● **Data under study**
_____

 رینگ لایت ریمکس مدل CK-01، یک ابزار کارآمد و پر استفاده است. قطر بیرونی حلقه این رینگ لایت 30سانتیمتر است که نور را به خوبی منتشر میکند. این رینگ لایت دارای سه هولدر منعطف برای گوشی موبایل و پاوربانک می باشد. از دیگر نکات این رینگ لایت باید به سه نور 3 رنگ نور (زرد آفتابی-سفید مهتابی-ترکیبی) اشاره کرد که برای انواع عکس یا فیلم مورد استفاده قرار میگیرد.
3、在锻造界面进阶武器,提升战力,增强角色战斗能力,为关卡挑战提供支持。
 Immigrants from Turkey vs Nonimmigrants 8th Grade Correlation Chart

_____

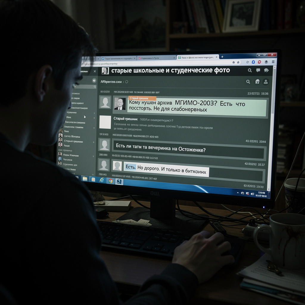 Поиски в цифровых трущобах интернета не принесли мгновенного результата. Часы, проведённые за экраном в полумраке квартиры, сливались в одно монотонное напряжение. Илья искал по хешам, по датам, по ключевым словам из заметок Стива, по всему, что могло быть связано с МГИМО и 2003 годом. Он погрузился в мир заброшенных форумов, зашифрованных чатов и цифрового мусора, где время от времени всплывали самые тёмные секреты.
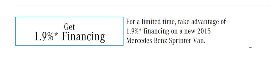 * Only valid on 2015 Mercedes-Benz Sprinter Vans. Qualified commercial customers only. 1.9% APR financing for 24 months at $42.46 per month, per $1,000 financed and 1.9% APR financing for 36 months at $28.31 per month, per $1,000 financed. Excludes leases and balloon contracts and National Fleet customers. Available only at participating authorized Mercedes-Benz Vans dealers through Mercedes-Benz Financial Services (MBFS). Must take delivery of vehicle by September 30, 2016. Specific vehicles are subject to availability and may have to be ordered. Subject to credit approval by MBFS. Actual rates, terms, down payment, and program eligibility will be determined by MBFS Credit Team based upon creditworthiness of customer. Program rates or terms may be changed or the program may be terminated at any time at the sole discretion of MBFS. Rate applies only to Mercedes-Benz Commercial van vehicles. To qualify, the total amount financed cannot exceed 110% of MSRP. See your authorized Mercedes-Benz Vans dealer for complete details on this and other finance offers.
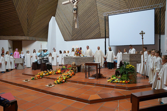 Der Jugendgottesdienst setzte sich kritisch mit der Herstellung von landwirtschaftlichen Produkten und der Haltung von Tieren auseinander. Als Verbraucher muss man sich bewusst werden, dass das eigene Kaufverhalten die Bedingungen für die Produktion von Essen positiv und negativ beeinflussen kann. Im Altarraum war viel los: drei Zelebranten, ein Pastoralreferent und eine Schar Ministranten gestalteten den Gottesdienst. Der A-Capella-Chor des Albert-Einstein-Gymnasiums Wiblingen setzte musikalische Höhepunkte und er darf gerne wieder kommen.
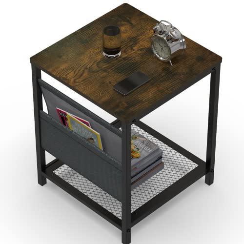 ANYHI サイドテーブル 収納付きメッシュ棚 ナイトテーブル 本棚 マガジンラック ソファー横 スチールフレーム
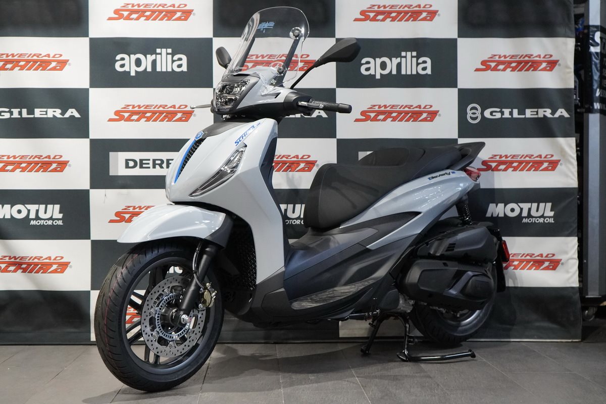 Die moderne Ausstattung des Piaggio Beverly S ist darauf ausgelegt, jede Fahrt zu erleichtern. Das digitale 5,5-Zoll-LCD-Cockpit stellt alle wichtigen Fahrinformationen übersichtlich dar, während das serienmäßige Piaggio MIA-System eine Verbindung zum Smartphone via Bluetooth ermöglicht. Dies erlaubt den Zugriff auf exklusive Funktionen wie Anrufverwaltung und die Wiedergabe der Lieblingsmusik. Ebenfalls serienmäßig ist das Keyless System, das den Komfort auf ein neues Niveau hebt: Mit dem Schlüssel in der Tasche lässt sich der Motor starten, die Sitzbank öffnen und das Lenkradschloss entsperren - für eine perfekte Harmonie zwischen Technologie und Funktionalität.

_____

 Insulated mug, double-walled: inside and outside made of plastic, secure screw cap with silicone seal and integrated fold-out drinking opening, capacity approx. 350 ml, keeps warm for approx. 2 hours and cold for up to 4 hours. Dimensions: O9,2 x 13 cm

_____

Begin with the line above that has "رینگ لایت ریمکس" and continue through the line that has "Immigrants from Turkey", setting each one down exactly. Stop there.

● **Response**
 رینگ لایت ریمکس مدل CK-01، یک ابزار کارآمد و پر استفاده است. قطر بیرونی حلقه این رینگ لایت 30سانتیمتر است که نور را به خوبی منتشر میکند. این رینگ لایت دارای سه هولدر منعطف برای گوشی موبایل و پاوربانک می باشد. از دیگر نکات این رینگ لایت باید به سه نور 3 رنگ نور (زرد آفتابی-سفید مهتابی-ترکیبی) اشاره کرد که برای انواع عکس یا فیلم مورد استفاده قرار میگیرد.
3、在锻造界面进阶武器,提升战力,增强角色战斗能力,为关卡挑战提供支持。
 Immigrants from Turkey vs Nonimmigrants 8th Grade Correlation Chart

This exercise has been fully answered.